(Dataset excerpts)
=== Begin Enclosure ===

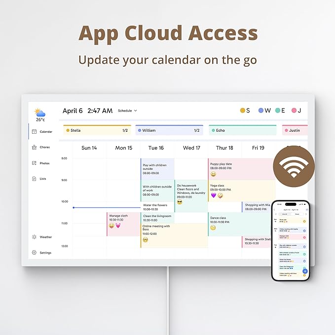 - 【Manage from Anywhere】: Stay connected with the powerful eCalendar App. Access and manage your calendar on the go, with free features like a photo frame, chore chart, dinner plan, grocery list, and more. Paid functions like Magic Import offer advanced tools tailored for users with special needs.
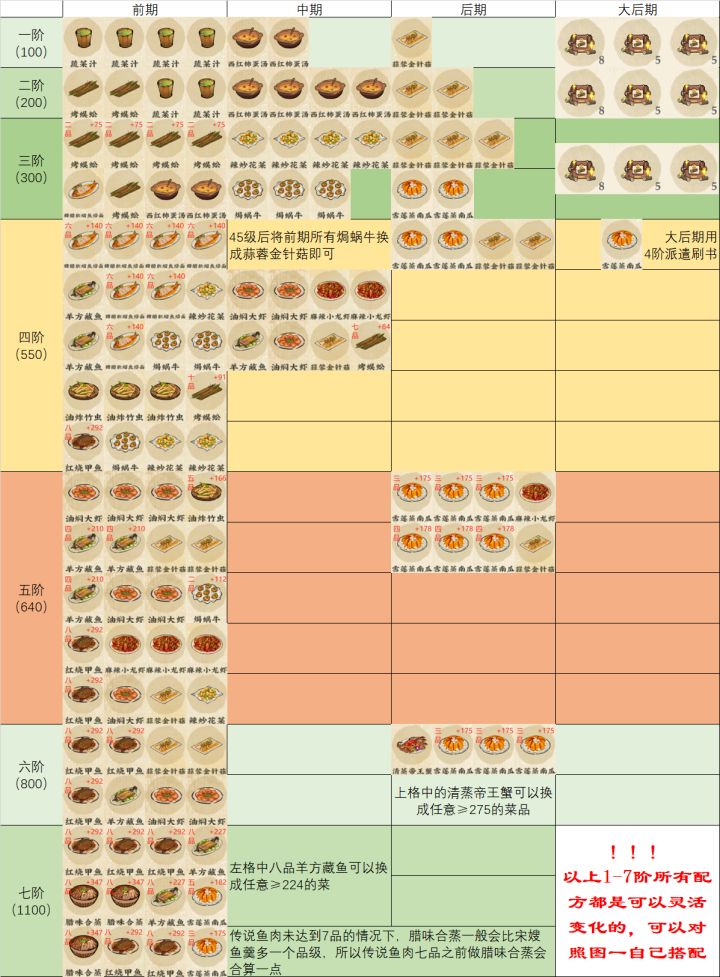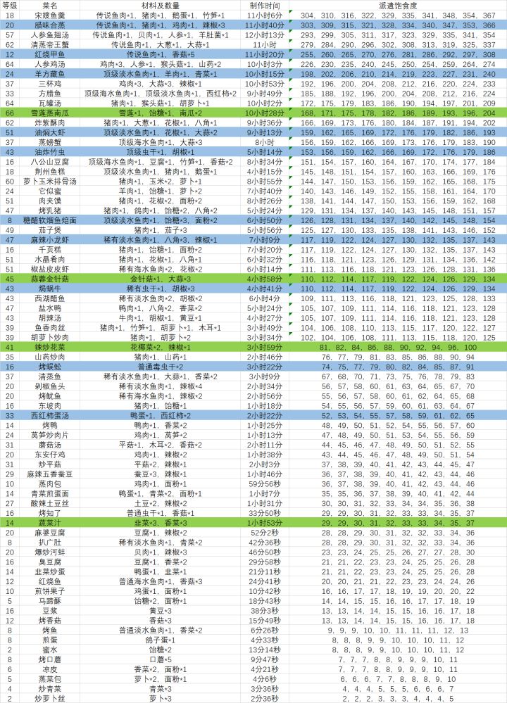 图一是现有菜谱按饱食度排序,标颜色的是个人常用的一些派遣菜
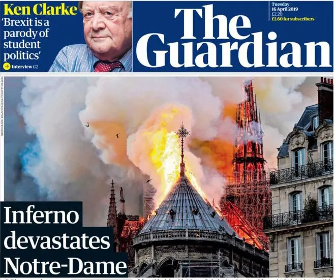 "Пекельне руйнування Нотр-Даму". The Guardian показує крупним планом один із палаючих шпилів будівлі та цитує спікера собору: "Нічого не залишиться після полум’я".
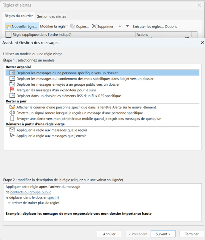 L’avocat peut par exemple définir qu’un courriel provenant d’un certain client soit immédiatement déplacé dans un dossier spécifique. Il est également possible de classer les messages selon leur objet, par exemple en regroupant tous ceux qui contiennent le terme « contrat » dans un répertoire dédié. Ces règles fonctionnent comme des filtres : elles examinent chaque message selon des critères définis, puis déclenchent une action correspondante.
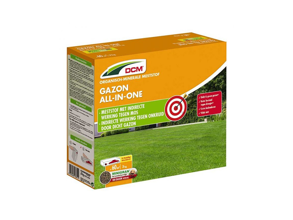 DCM Gazon All-in-One is een complete en stikstofrijke gazonmeststof die zorgt voor een dicht gazon. Een dicht gazon laat minder mos- en onkruidgroei toe.
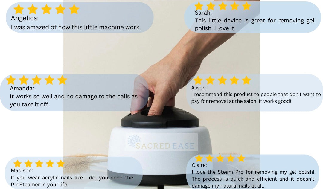 Whether you're a nail enthusiast who loves to experiment with the latest trends or a busy professional who needs a quick, efficient way to maintain your manicure, the ProSteam nail remover is the perfect solution. Reclaim your time and protect the integrity of your nails with this innovative, user-friendly device. Enjoy the confidence and convenience of salon-quality results in the comfort of your own home.
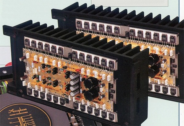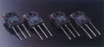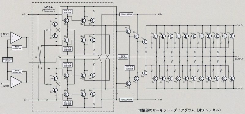 出力段には周波数特性や電流増幅率リニアリティ、スイッチング等の諸特性に優れたコレクター損失150W、コレクター電流15Aのハイパワートランジスタを採用しています。このトランジスタをチャンネル当たり11ペア採用しパラレルプッシュプル構成をとしています。
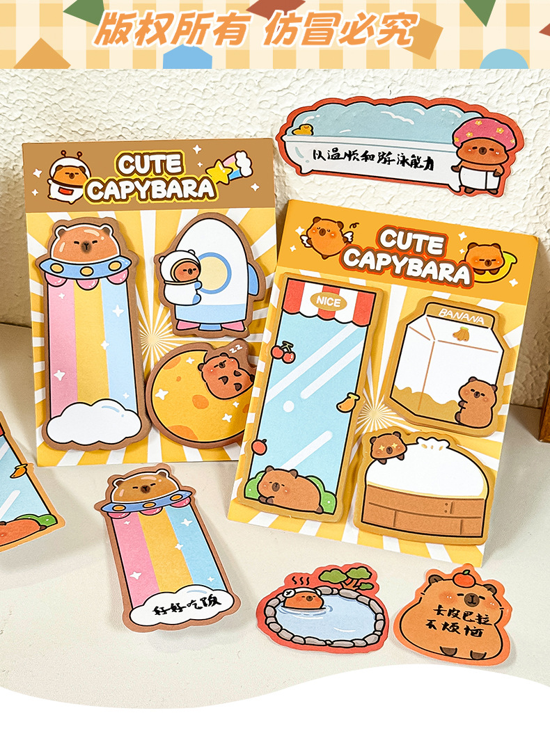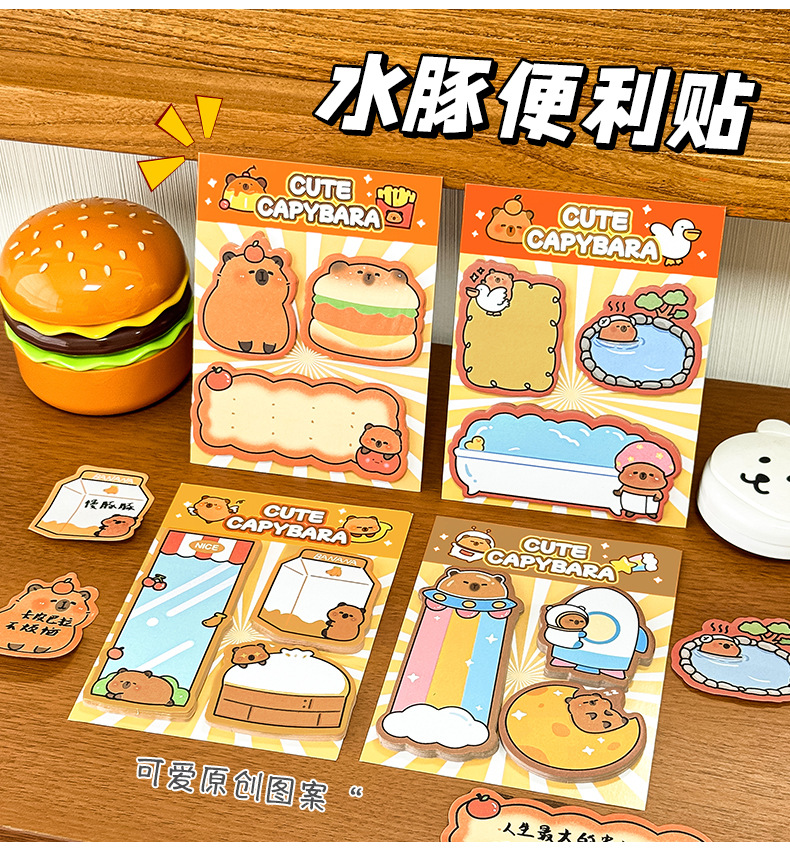 跨境可爱卡皮巴拉便利贴高颜值卡通留言n次贴文具礼品水豚便签纸
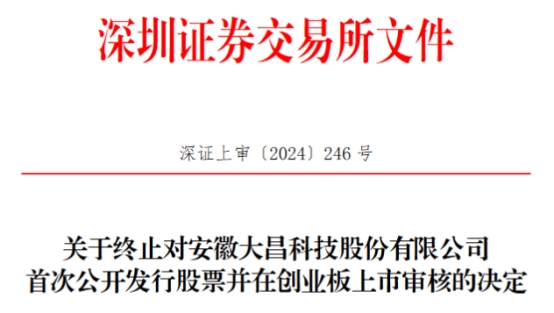 日前,大昌科技向深交所提交了《安徽大昌科技股份有限公司关于撤回首次公开发行股票并在创业板上市申请文件的申请》,保荐人向深交所提交了《国元证券股份有限公司关于撤回安徽大昌科技股份有限公司首次公开发行股票并在创业板上市申请文件的申请》。根据《深圳证券交易所股票发行上市审核规则(2024年修订)》第六十二条的有关规定,深交所决定终止对大昌科技首次公开发行股票并在创业板上市的审核。
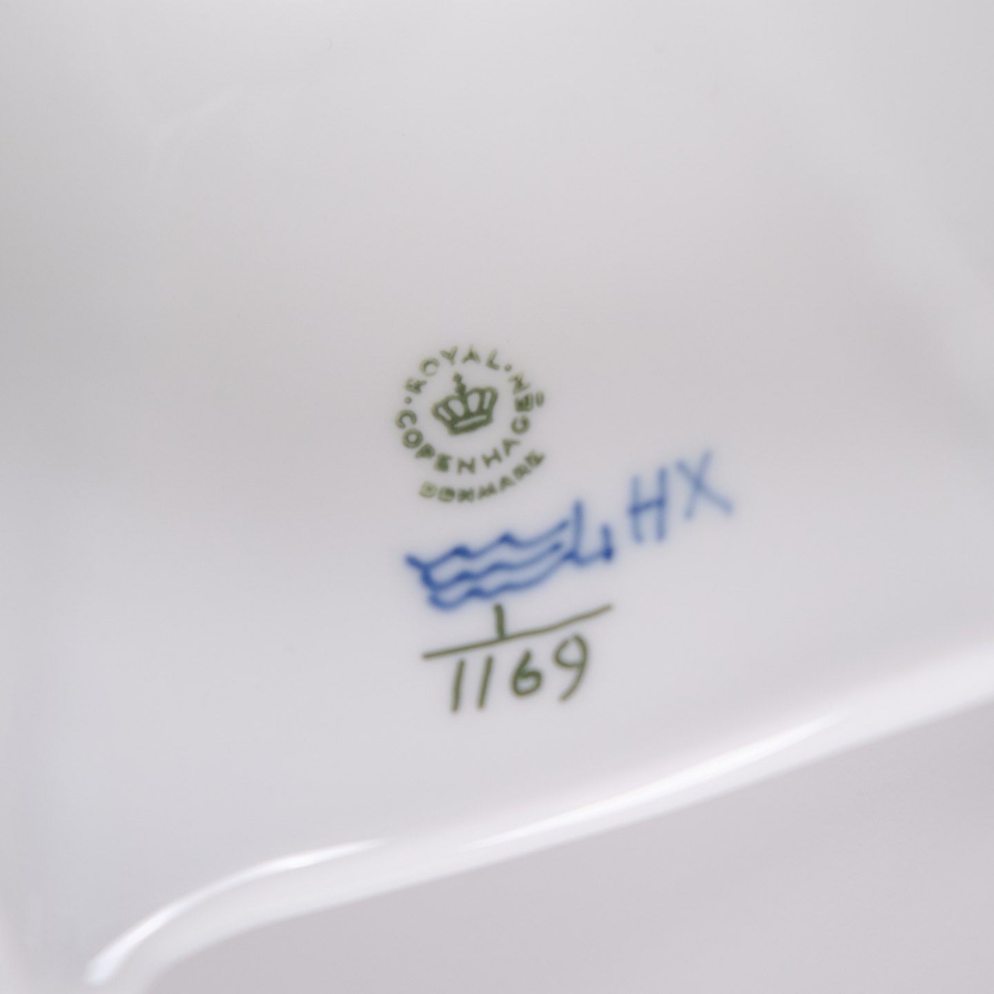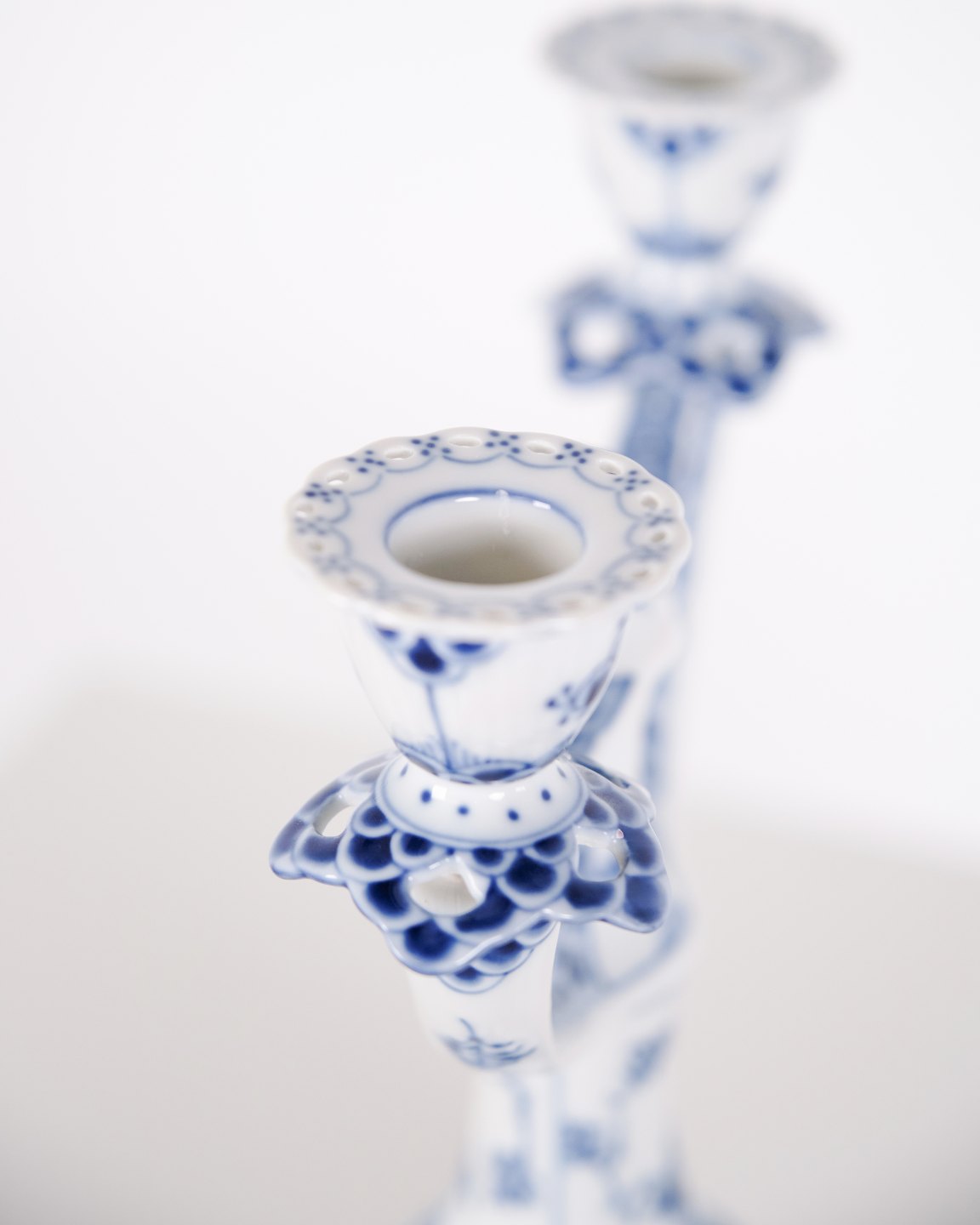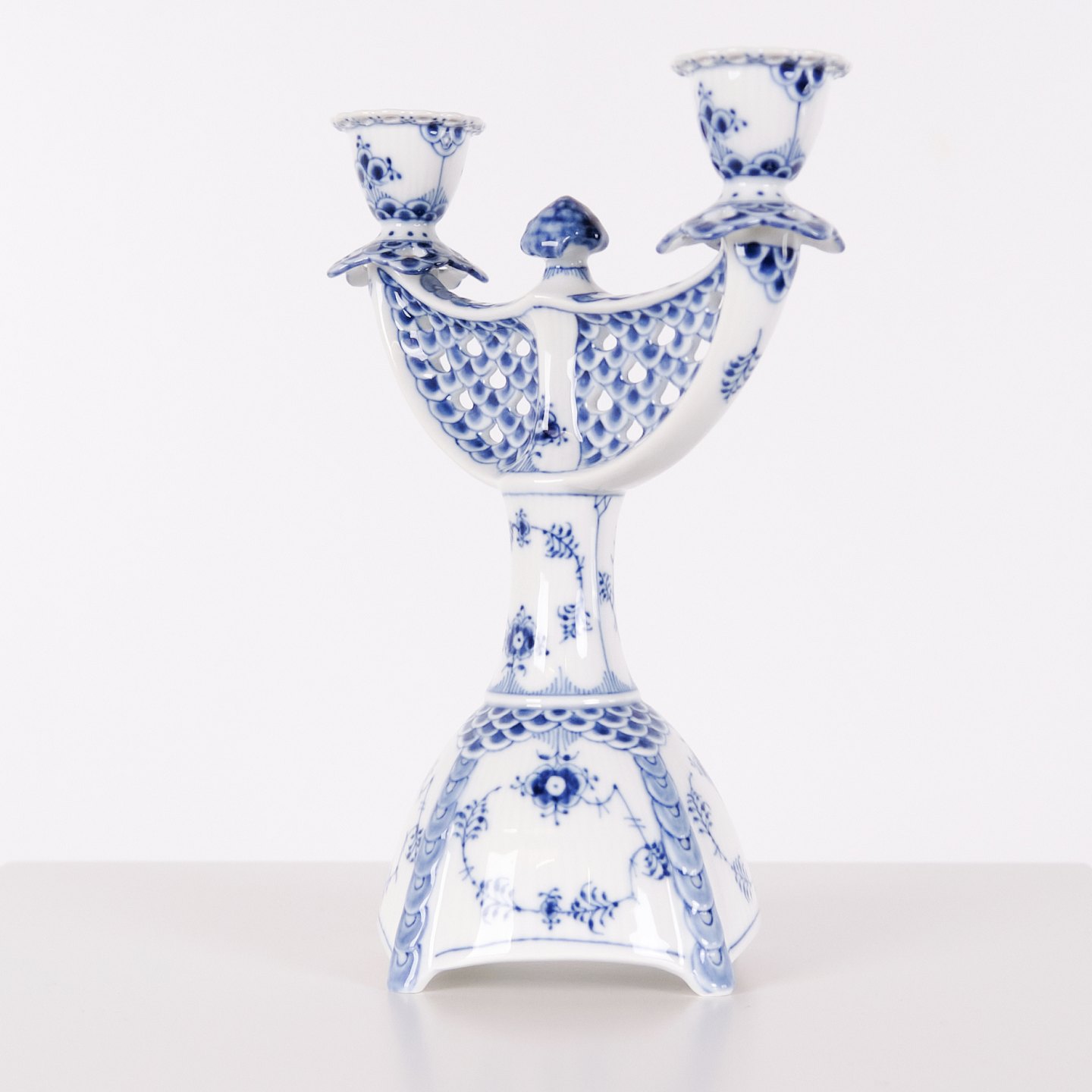 To-armet lysestage i musselmalet helblonde porcelæn, model 1169, produceret af Royal Copenhagen. Lysestagen er udført i håndmalet porcelæn med det klassiske helblonde-mønster, kendetegnet ved gennemgående gennembrudt bort og detaljeret underglasurdekoration. Modellen er produceret som 1. sortering og indgår i Royal Copenhagens traditionelle servicenproduktion.— Producent: Royal Copenhagen

=== End Enclosure ===

▶ **WORK TO COMPLETE**
Output the lines above verbatim, images excluded.

▶ **ANSWER BOX**
 - 【Manage from Anywhere】: Stay connected with the powerful eCalendar App. Access and manage your calendar on the go, with free features like a photo frame, chore chart, dinner plan, grocery list, and more. Paid functions like Magic Import offer advanced tools tailored for users with special needs.
 图一是现有菜谱按饱食度排序,标颜色的是个人常用的一些派遣菜
 "Пекельне руйнування Нотр-Даму". The Guardian показує крупним планом один із палаючих шпилів будівлі та цитує спікера собору: "Нічого не залишиться після полум’я".
 L’avocat peut par exemple définir qu’un courriel provenant d’un certain client soit immédiatement déplacé dans un dossier spécifique. Il est également possible de classer les messages selon leur objet, par exemple en regroupant tous ceux qui contiennent le terme « contrat » dans un répertoire dédié. Ces règles fonctionnent comme des filtres : elles examinent chaque message selon des critères définis, puis déclenchent une action correspondante.
 DCM Gazon All-in-One is een complete en stikstofrijke gazonmeststof die zorgt voor een dicht gazon. Een dicht gazon laat minder mos- en onkruidgroei toe.
 Whether you're a nail enthusiast who loves to experiment with the latest trends or a busy professional who needs a quick, efficient way to maintain your manicure, the ProSteam nail remover is the perfect solution. Reclaim your time and protect the integrity of your nails with this innovative, user-friendly device. Enjoy the confidence and convenience of salon-quality results in the comfort of your own home.
 出力段には周波数特性や電流増幅率リニアリティ、スイッチング等の諸特性に優れたコレクター損失150W、コレクター電流15Aのハイパワートランジスタを採用しています。このトランジスタをチャンネル当たり11ペア採用しパラレルプッシュプル構成をとしています。
 跨境可爱卡皮巴拉便利贴高颜值卡通留言n次贴文具礼品水豚便签纸
 日前,大昌科技向深交所提交了《安徽大昌科技股份有限公司关于撤回首次公开发行股票并在创业板上市申请文件的申请》,保荐人向深交所提交了《国元证券股份有限公司关于撤回安徽大昌科技股份有限公司首次公开发行股票并在创业板上市申请文件的申请》。根据《深圳证券交易所股票发行上市审核规则(2024年修订)》第六十二条的有关规定,深交所决定终止对大昌科技首次公开发行股票并在创业板上市的审核。
 To-armet lysestage i musselmalet helblonde porcelæn, model 1169, produceret af Royal Copenhagen. Lysestagen er udført i håndmalet porcelæn med det klassiske helblonde-mønster, kendetegnet ved gennemgående gennembrudt bort og detaljeret underglasurdekoration. Modellen er produceret som 1. sortering og indgår i Royal Copenhagens traditionelle servicenproduktion.— Producent: Royal Copenhagen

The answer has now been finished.